A militant attack on an Egyptian border post in the Sinai on Sunday left at least sixteen dead and sparked major concern in Israel where officials have expressed exasperation about the lack of security in the peninsula since the fall of Egyptian strongman Hosni Mubarak early last year.
The perpetrators, dressed in traditional bedouin drab, reportedly attacked Egyptian border guards as they stopped work at sunset to break the Ramadan fast. The militants then managed to hijack armored vehicles and tried to infiltrate Israel. They breached the border before Israeli forces stopped them, killing eight.
Egyptian president Mohamed Morsi consulted with army leaders on Monday to prepare a response. “Those who carried out this crime will pay dearly,” he said. “The forces will impose full control over these areas of Sinai.” Helicopter gunships were deployed to comb the area.
Yoav Mordechai, spokesman for the Israeli Defense Forces, lamented on army radio that the Sinai had “become a hothouse for world terrorism because of the weak control exercised” by the Egyptian government.

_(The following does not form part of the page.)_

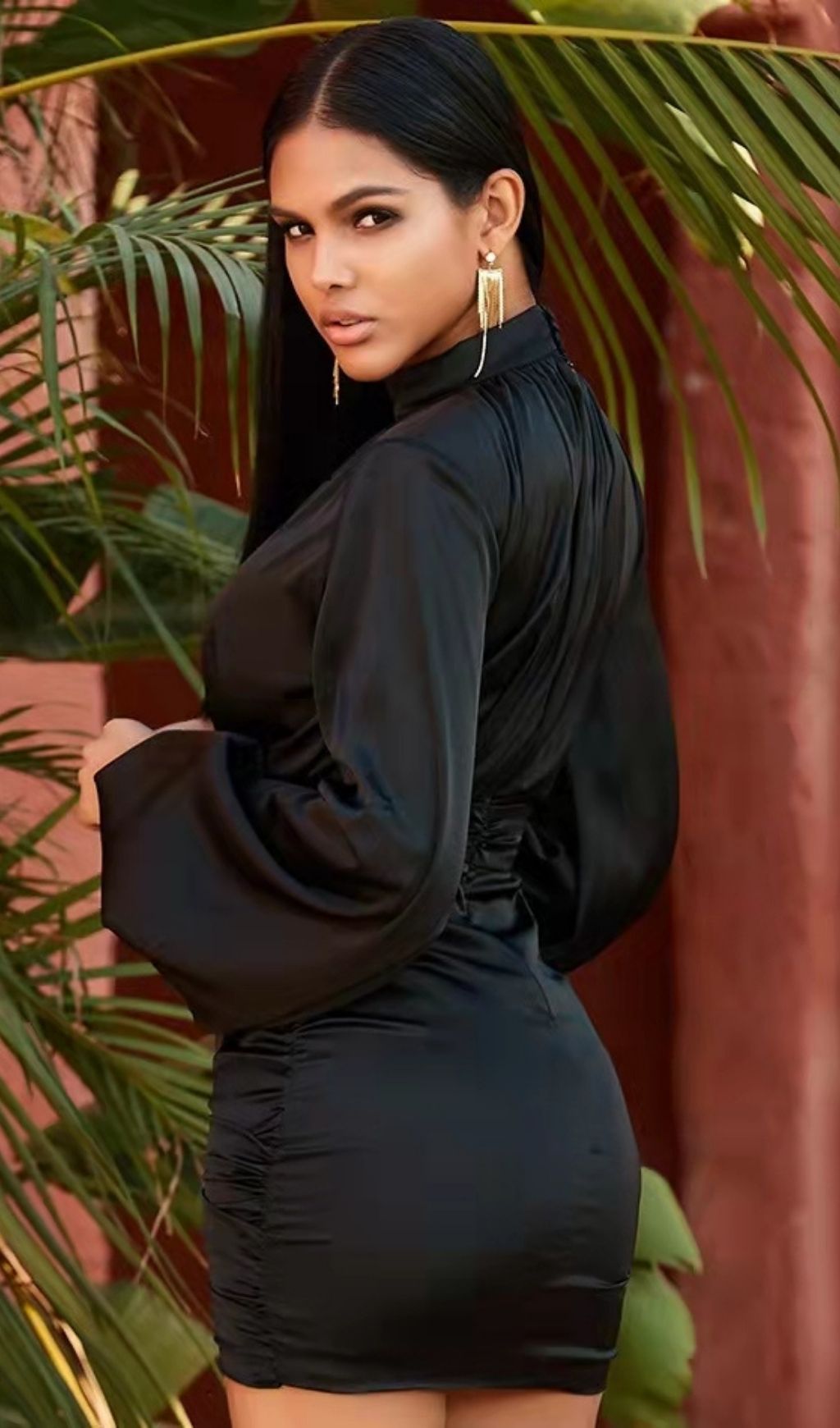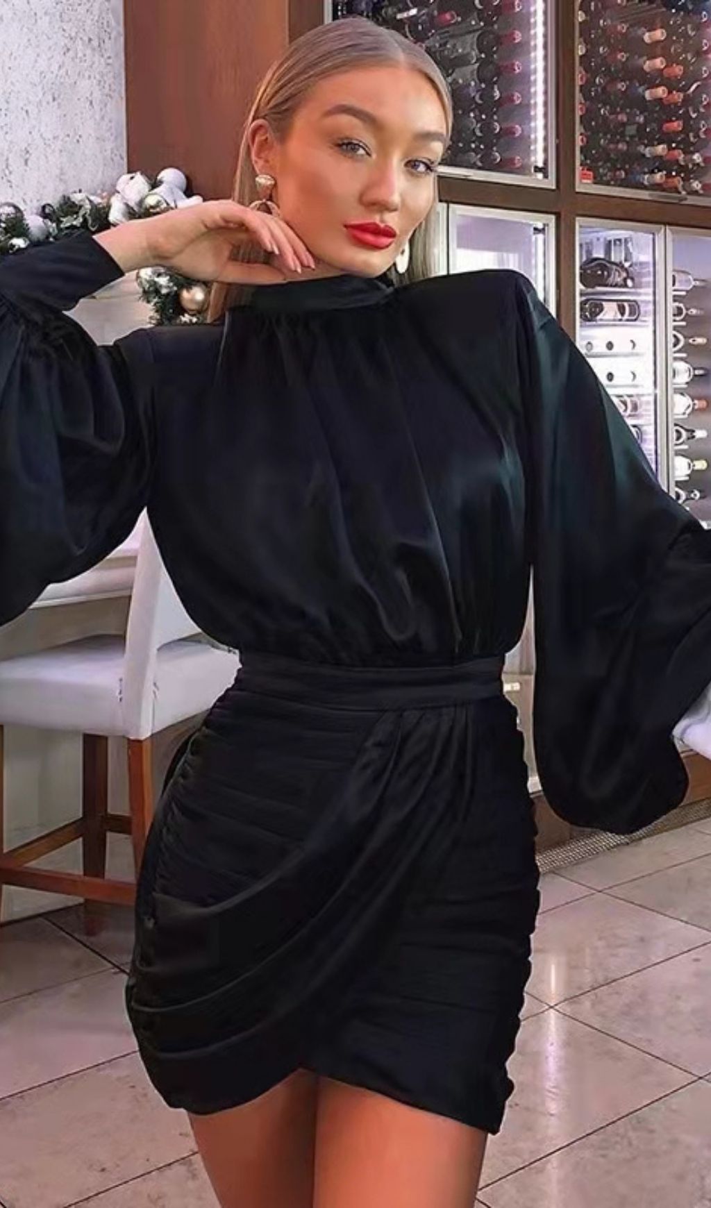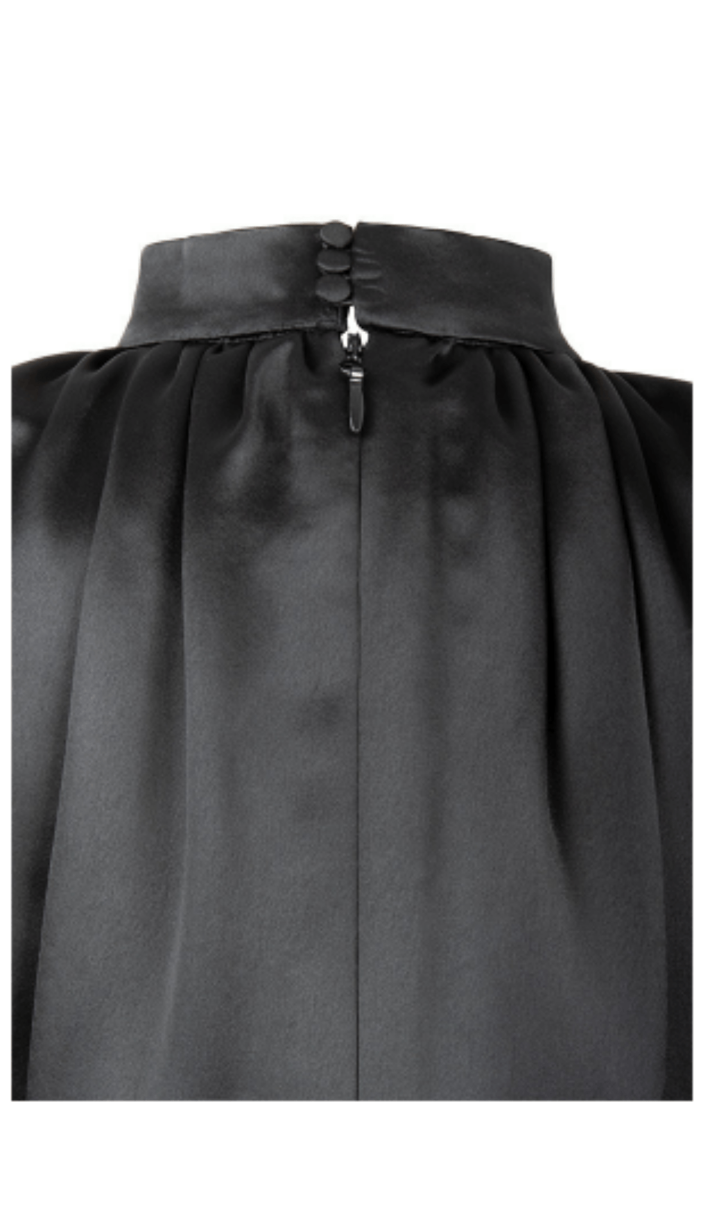Power dressing meets feminine elegance.It is made from our heavyweight. lustrous luxurious satin. It has a beautiful fluidity and incredible draping properties due to the heavy nature of the satin. The elegant high gathered neckline drapes beautifully down the body and the shoulders are lightly padded for structure and feature gathers across the shoulder tops to further exaggerate the draping. It has an ultra deep waistband for serious waist cinching and to really define the shape. We love the overly dramatic waterfall drape to the skirt and the fact that the side gathers to the hips exaggerate the curves. The skirt rises at the centre front where the drapes cross to expose a little flash of thigh and the sleeves are long and narrow to add to the sleek put-together vibe of this dress. It's fully lined of course as is to be expected and gives a smooth and seam free finish.
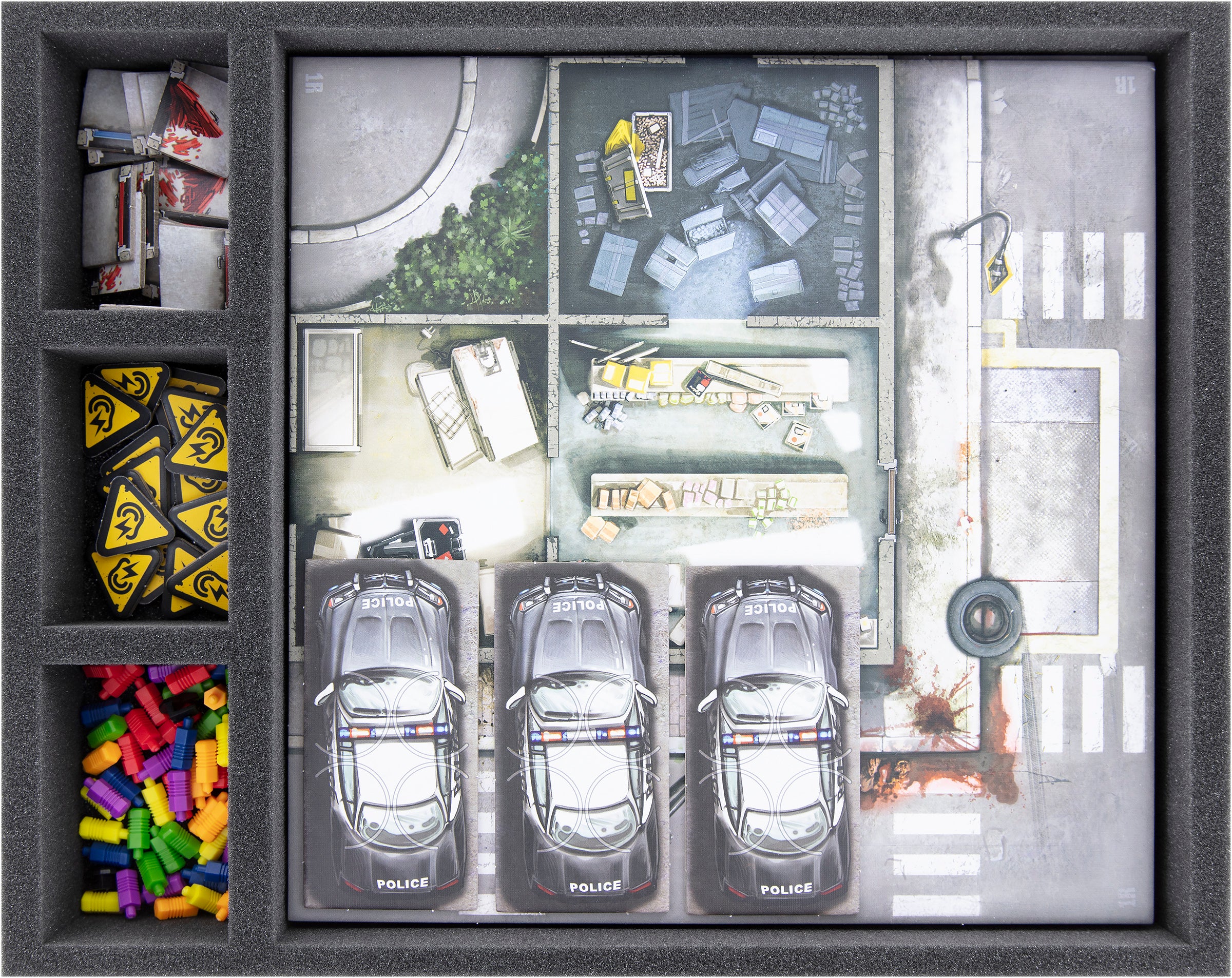 Individuelle Einlagen mit Fächern für Karten, Würfeln, Tiles und Token helfen dir dabei, beim Spielmaterial jederzeit die Übersicht zu behalten. Dank der mitgelieferten Kartenhalter lassen sich auch die kleinformatigen Karten übersichtlich einsortieren. Für die Dashboards und weiteres Spielmaterial ist ein Rasterschaumstoff mit Schaumstoffboden enthalten. Dank des Rasters kannst du die Fächer individuell nach deinen Vorstellungen gestalten und befüllen. So hast du dein Spielmaterial stets schnell zur Hand. Die Zeit und Nerven, die du für den Spielaufbau sparst, kannst du stattdessen in die Zombiehatz investieren.

Speaking to the Knesset‘s foreign affairs and defense committee, defense minister Ehud Barak described the attack as a “wake-up call for the Egyptians to take matters into their own hands.” He claimed that the attackers were linked to a jihadist group.
An Egyptian official told the Al-Ahram newspaper that authorities suspect the militants entered Egypt from the Gaza Strip. Hamas, which controls the Palestinian territory, has denied involvement and condemned the incident.
Daniel R. DePetris wrote for the Atlantic Sentinel last year that the bedouin tribesmen who roam the Sinai “have resisted the writ of the Egyptian government ever since the nation state concept was first introduced.”
State security, the Egyptian military and Egypt’s intelligence corps are hated in this neck of the woods. During the Mubarak era, hundreds of tribesmen were rounded up by Egyptian police officers and detained without charge and held without trial.
Sinai residents are among the poorest in Egypt, with the province of North Sinai the most economically destitute.
The peninsula is demilitarized as a condition of Egypt’s 1979 peace treaty with Israel. The Jewish state consented to Egypt sending in troops last year to impose order. With the exception of recent military offensives however, there has been no police presence in the region. Analysts from the geostrategic consultancy firm Wikistrat warned in May that the security vacuum was “rapidly being filled by Islamist militant groups.”
Since Hosni Mubarak’s ouster in February of last year, there have been more than a dozen attacks on the pipeline that carries Egyptian natural gas to Israel and Jordan. Tourism in the Red Sea resort of Sharm el-Sheikh has faltered as a result of the violence in the area and the uncertain political future of Egypt altogether.
Israel could ultimately decide to deploy troops to the area to quell the unrest but that would “further strain the Egyptian-Israeli relationship,” according to Wikistrat, “and risk raising more anti-Israel sentiment in the Egyptian public.”